According to Jacobs et al. (2020), FSACK­KK 5024 differed from the holotype of N. fluviferox based on the following features: the slight medial depression on the premaxillary crest dorsal surface (thought of as unique to the specimen) and the lateral margins in anterior view slightly convex, with no narrowing into the premaxillary crest; while the holotype specimen of N. fluviferox exhibits a prominent narrowing and concave margins. The slight medial depression on the dorsal surface of the premaxillary crest (which forms a groove similar to the ones seen in N. capito and Uktenadactylus wadleighi ) cannot be assessed in the holotype of N. fluviferox due to incompleteness. The prominent narrowing and concave margins (in anterior view) in the holotype of N. fluviferox are the anterior margins of the premaxillary crest, located dorsal to the deltoid facet. Therefore, the shape of the lateral margins in anterior view (dorsal to the deltoid facet) are intrinsically related to the development of the premaxillary crest, and the reported variation can thus be easily explained by ontogenetic development and/ or sexual dimorphism. In fact, if premaxillary crests are unconsidered, then the anterior outline of the holotype of N. fluviferox becomes a match for FSACK­KK 5024, with slightly convex lateral margins without a dorsal narrowing. This feature therefore does not exclude FSACK­KK 5024 from N. fluviferox and we regard the two as most likely conspecific, due to the above mentioned features that they share. The referred specimen adds to the known morphology of N. fluviferox by showing the presence of a groove on the anterodorsal margin of the premaxillary crest, similar to that seen in N. capito and U. wadleighi .

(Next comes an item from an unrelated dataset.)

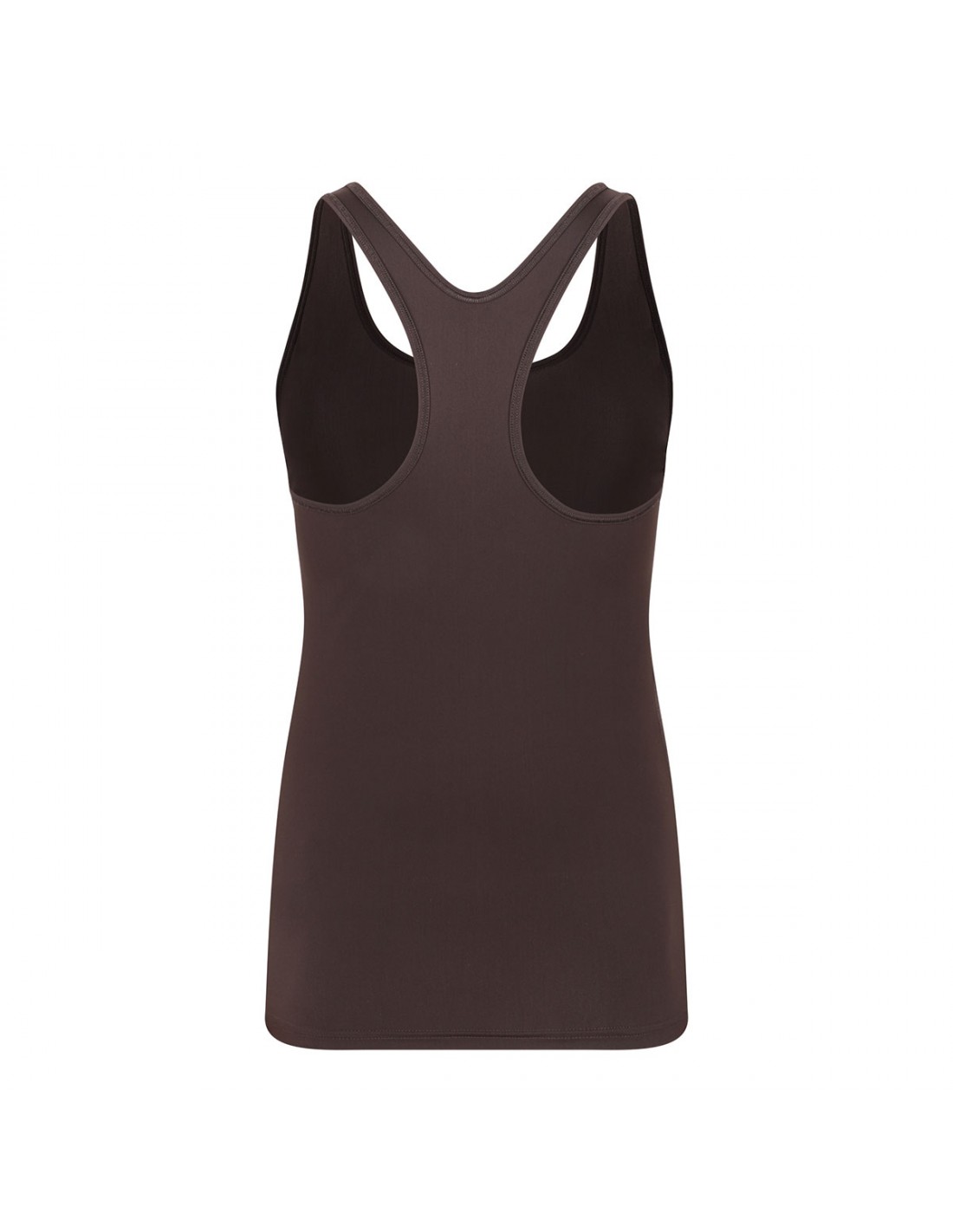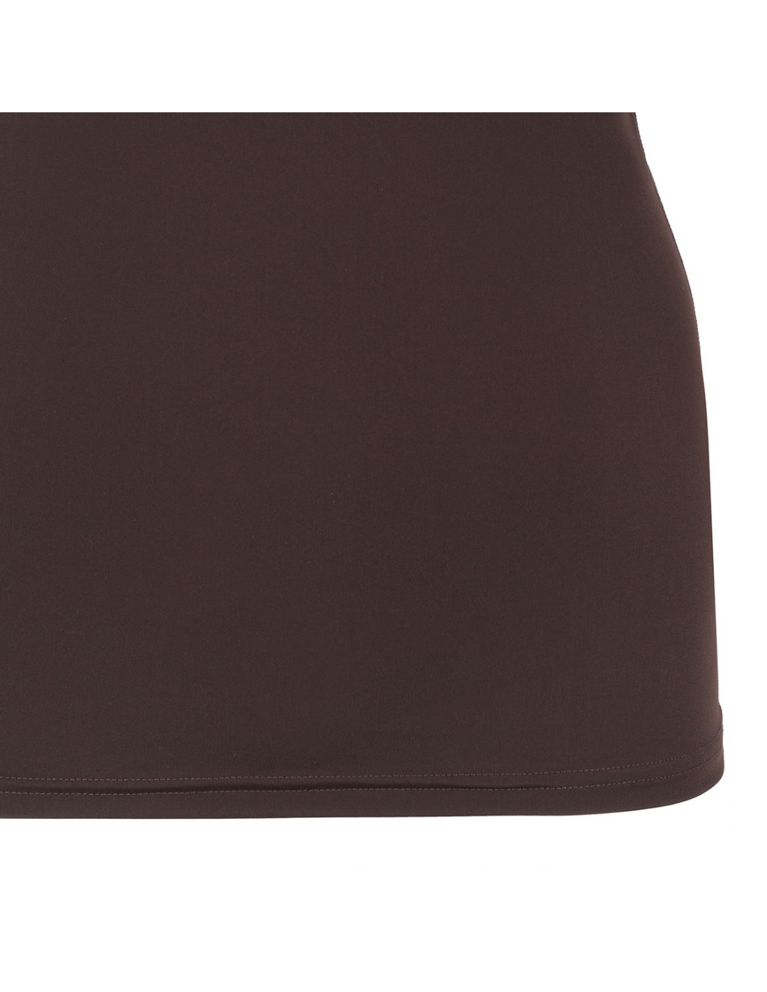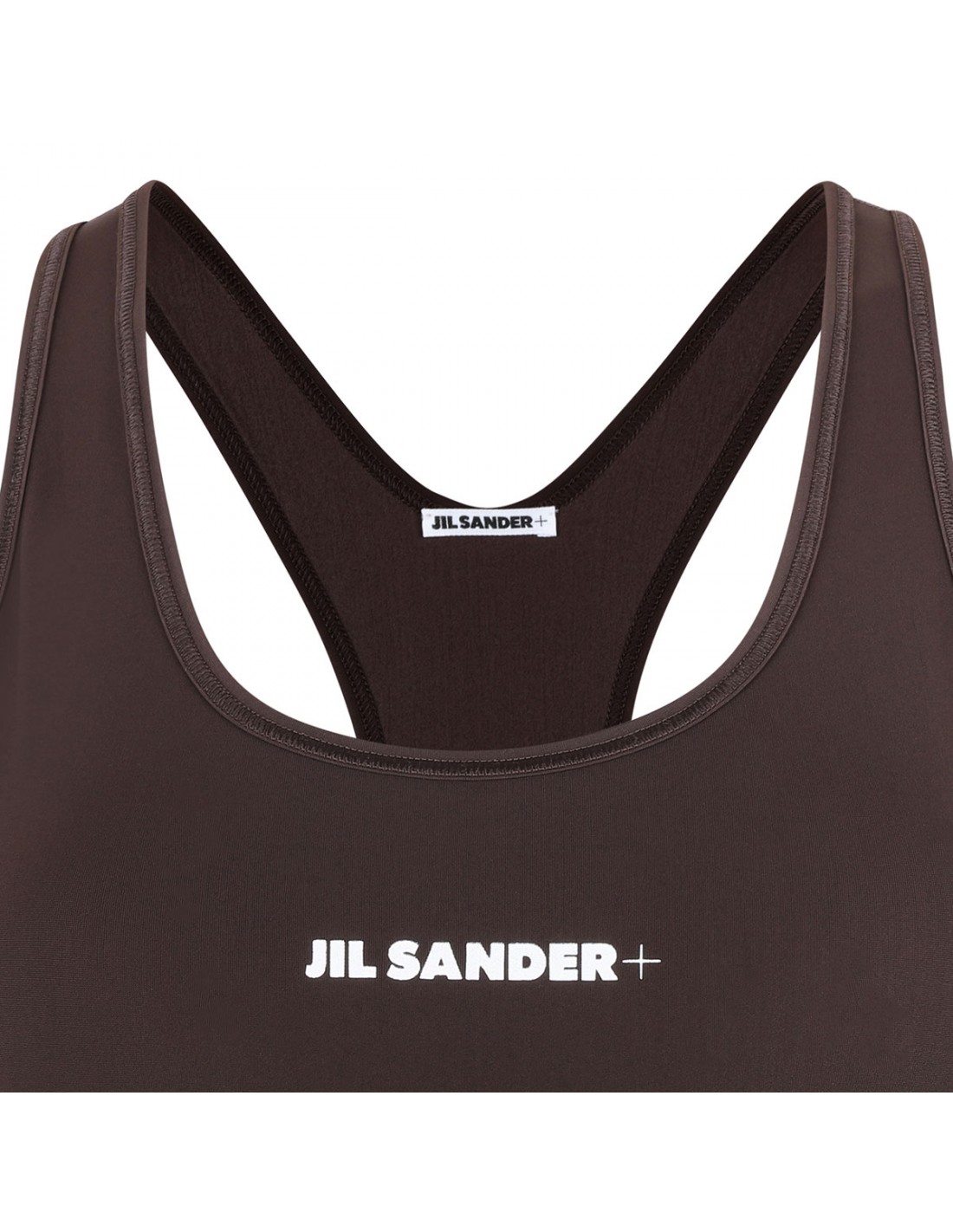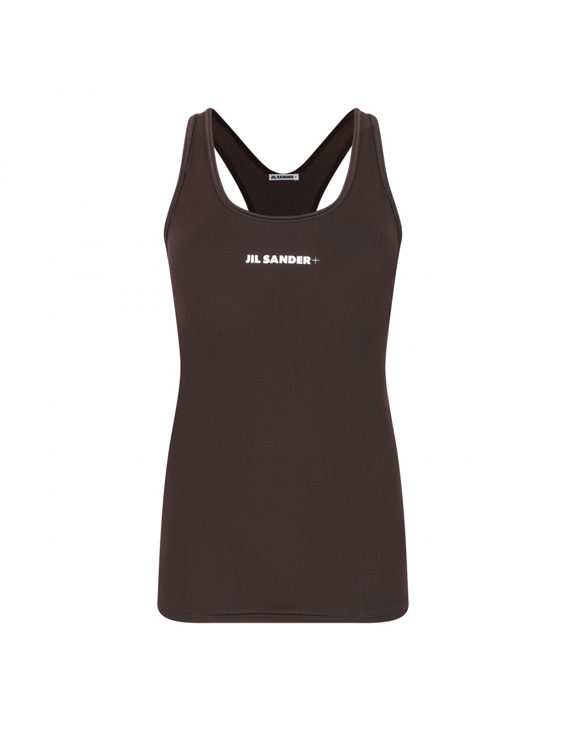 Chocolate hue stretch tank top from Jil Sander featuring white logo print on chest, racerback style, scoop neck, sleeveless design, fitted silhouette.

Stratigraphic and geographic range.— Type locality and horizon only.

Genus Uktenadactylus Rodrigues and Kellner, 2008

Type species: Uktenadactylus wadleighi ( Lee, 1994) ; Albian, Texas, USA.

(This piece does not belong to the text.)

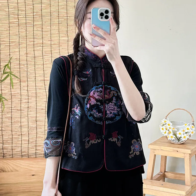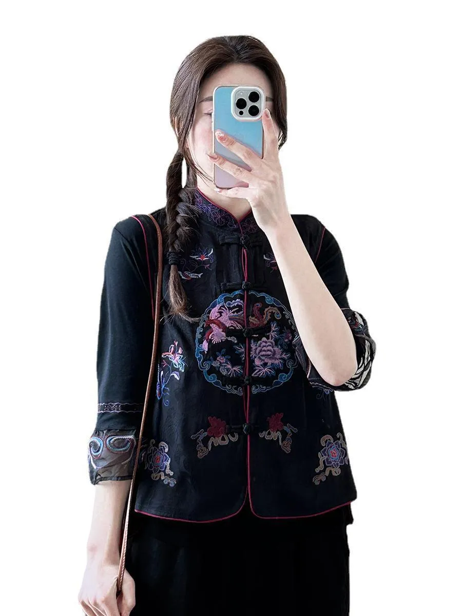 衣都精品- 2023新款民族風重工刺繡一粒盤扣馬甲外套

Included species: Uktenadactylus wadleighi ( Lee, 1994) and Uktenadactylus rodriguesae sp. nov.

Diagnosis.—Coloborhynchines with a roughly subcircular single depression on the deltoid facet above the first pair of upper teeth; and a palatal bulbous projection between the second pair of upper teeth.

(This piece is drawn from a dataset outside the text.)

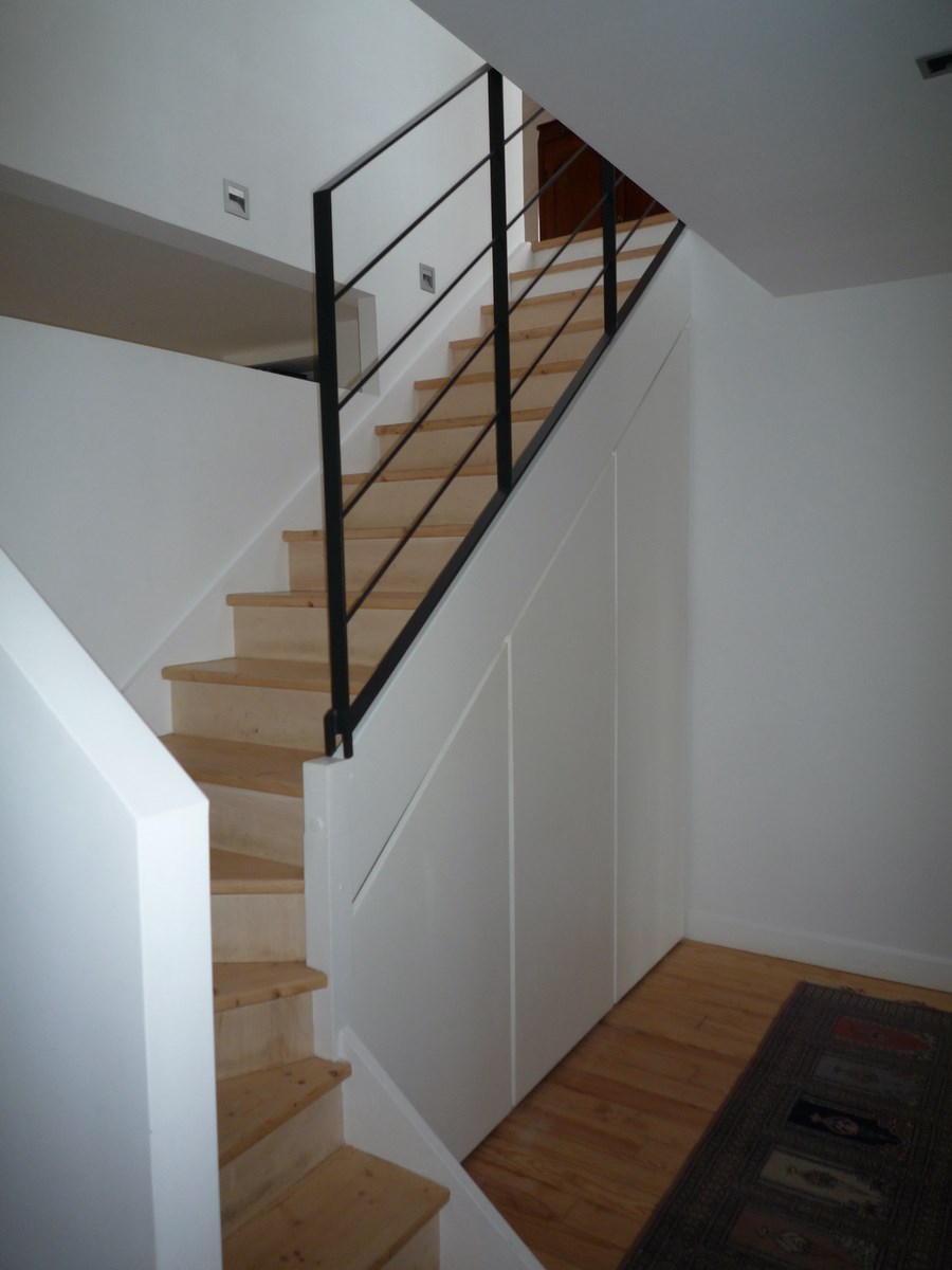 A droite : modification du palier, fabrication d’un bureau sur mesure, rambarde métallique.

Remarks.—In the present work, we regard the genus Uktenadactylus to contain two species: U. wadleighi and U. rodriguesae sp. nov., based on IWCMS 2014.82, originally described by Martill (2015) and attributed to Coloborhynchus sp. based on the first pair of upper teeth being of anteriorly directed, and a 90° upturn of the palate. These features are herein regarded as general for the Coloborhynchinae (see Discussion). Martill (2015) mentioned the existence of a palatal bulbous projection between the second pair of upper teeth in IWCMS 2014.82, but did not comment on it further. We note here that it is a shared trait with Uktenadactylus wadleighi . We further note that these two taxa share a round depression on the deltoid facet, located above the first pair of upper teeth; which was already reported as present in U. wadleighi ( Lee 1994; Rodrigues and Kellner 2008). The surface of the dorsal region of the deltoid facet is flat in Coloborhynchus clavirostris , whereas it bears a pair of lateral ridges in Nicorhynchus .

Jacobs et al. (2019) considered that Nicorhynchus fluviferox shared with Uktenadactylus wadleighi the following feature: a palatal depression posterior to the second pair of upper teeth. However, upon first­hand analysis of the holotype of U. wadleighi , we report here that the condition present in U. wadleighi is not the same that was described for Nicorhynchus fluviferox . In Nicorhynchus fluviferox , a true depression excavates the palatal surface posterior to the second pair of upper teeth, as reported by Jacobs et al. (2019). However, in Uktenadactylus wadleighi , this feature is not present. The palatal surface posterior to the second pair of upper alveoli is not level with the surface between the second pair of upper alveoli, indeed; but this does not happen due to a depression posterior to the second pair of upper alveoli. Instead, it happens due to a bulbous projection between the second pair of upper alveoli, protruding beyond the palatal plane. This feature can only be seen in U. wadleighi and IWCMS 2014.82.

Stratigraphic and geographic range.—Barremian–Albian; Wessex Formation, England; Paw Paw Formation, USA.